━━ SOURCE RECORDS ━━

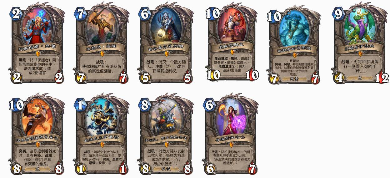 血誓、塞隆、女王、大帝、耐普图隆、伊瑟拉、团本、森林之王、歌莉娅、龙妈。。。没错,这就是我们即将要面对的橙卡大军,这还不包括巨型和其他强力职业橙和高费神卡。
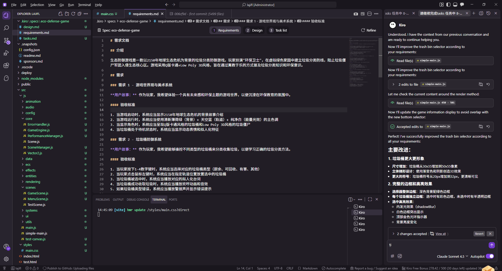 很多人觉得 “做环保”“做公益” 离自己很远,觉得那是大企业或专业人士的事。但这次用 Kiro 做游戏的经历让我明白:只要有想法,哪怕是个普通人,也能用身边的工具做些有意义的事。
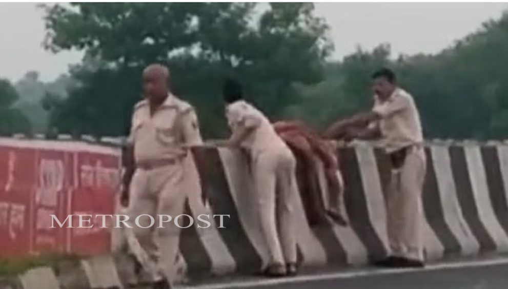 പാട്ന: വാഹനാപകടത്തില്‍ മരിച്ചയാളുടെ മൃതദേഹം ആശുപത്രിയിലെത്തിക്കാതെ പുഴയിലേക്കെറിഞ്ഞ് ബീഹാര്‍ പോലീസ്. മുസഫര്‍നഗറിലെ ഫകുലിയില്‍ ദേശീയ പാത 22-ല്‍ ആയിരുന്നു സംഭവം. അജ്ഞാത വാഹനമിടിച്ച് മരണപ്പെട്ടയാളുടെ മൃതദേഹമാണ് പോലീസ് പുഴയിലേക്കെറിഞ്ഞത്. ഇതിന്റെ വീഡിയോ ദൃശ്യങ്ങള്‍ സോഷ്യല്‍ മീഡിയയില്‍ പ്രചരിക്കുന്നുണ്ട്. സംഭവം വിവാദമായതിന് പിന്നാലെ പോലീസ് മൃതദേഹം കരയ്ക്കെത്തിച്ച് ആശുപത്രിയിലേക്ക് മാറ്റി.
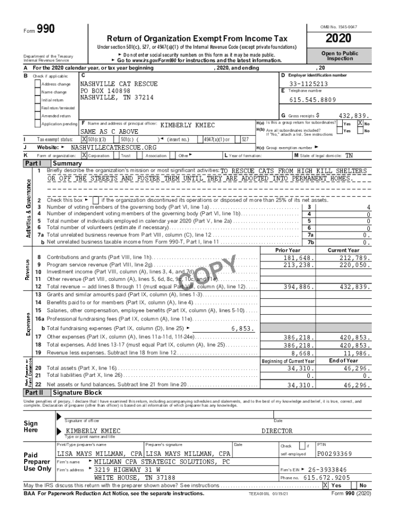 Get the free Nashville Cat Rescue - Form 990 FYE 12.31.20
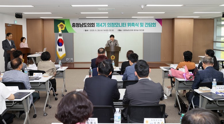 충남도의회(의장 홍성현)는 28일 의회 회의실에서 ‘충청남도의회 제4기 의정모니터’ 위촉식 및 간담회를 개최했다.
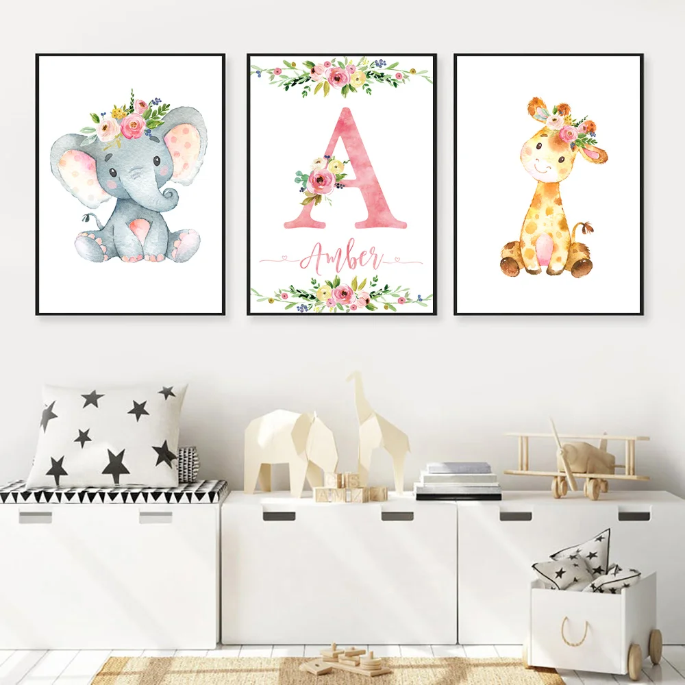 Скандинавский постер на заказ, постеры с именем и принтами, цветы, слон для детской комнаты, холст, картина, настенные художественные картины для маленькой девочки, декор для комнаты
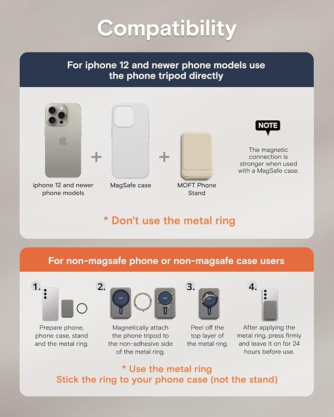- Universal Compatibility: MOFT Phone Wallet is compatible with iPhone 17/16/15/14/13/12 series and MagSafe cases. For other devices (such as Samsung) and non-magnetic cases, the phone stand can be attached using the included metal ring. Please check the product dimensions (3.8in X 2.5in X 0.35in) to ensure it fits the back of your phone without obstructing the camera. The slim design ensures your phone’s lenses stay unobstructed—perfect for Instagram-worthy shots at cafes or business events.
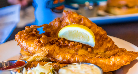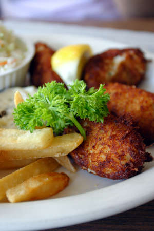 Delicious golden-brown fried fish fillets are served with crispy french fries, creamy coleslaw, tartar sauce and ketchup
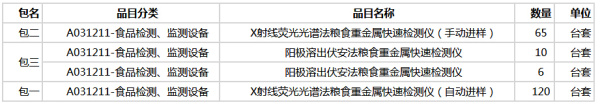 湖南省糧食局 糧食重金屬快速檢測(cè)設(shè)備(第二批)采購預(yù)算為2760萬元,分為三包,采購明細(xì)如下表所示。
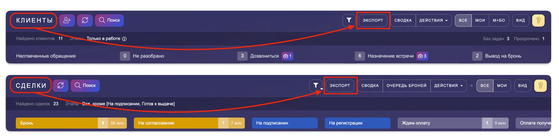 — Действия. Доступно действие "Открыть клиентов/сделки", которое открывает в новой вкладке полный перечень клиентов или сделок, соответствующих критериям отбора на момент экспорта.
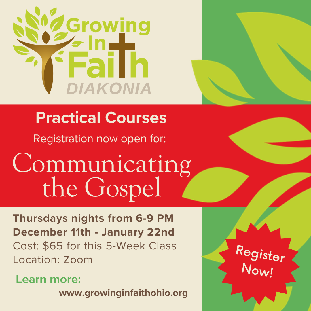 Registration is now open next Growing In Faith courses! Two virtual courses will run simultaneously every Thursday from 6:00-9:00 PM during the five weeks of December 11th to January 22nd! For Course 3, the Foundations Course is Intro to Old Testament and the Practical Course is Communicating the Gospel. If you are new to Growing in Faith, we always recommend starting with the Foundations Course.

━━━

PROBLEM DETAILS -> Repeat the lines exactly, starting with the line that contains "湖南省糧食局 糧食重金屬快速" and ending with the last line of the entries. Keep both of those lines but no pictures.

ANSWER BOX ->
 湖南省糧食局 糧食重金屬快速檢測(cè)設(shè)備(第二批)采購預(yù)算為2760萬元,分為三包,采購明細(xì)如下表所示。
 — Действия. Доступно действие "Открыть клиентов/сделки", которое открывает в новой вкладке полный перечень клиентов или сделок, соответствующих критериям отбора на момент экспорта.
 Registration is now open next Growing In Faith courses! Two virtual courses will run simultaneously every Thursday from 6:00-9:00 PM during the five weeks of December 11th to January 22nd! For Course 3, the Foundations Course is Intro to Old Testament and the Practical Course is Communicating the Gospel. If you are new to Growing in Faith, we always recommend starting with the Foundations Course.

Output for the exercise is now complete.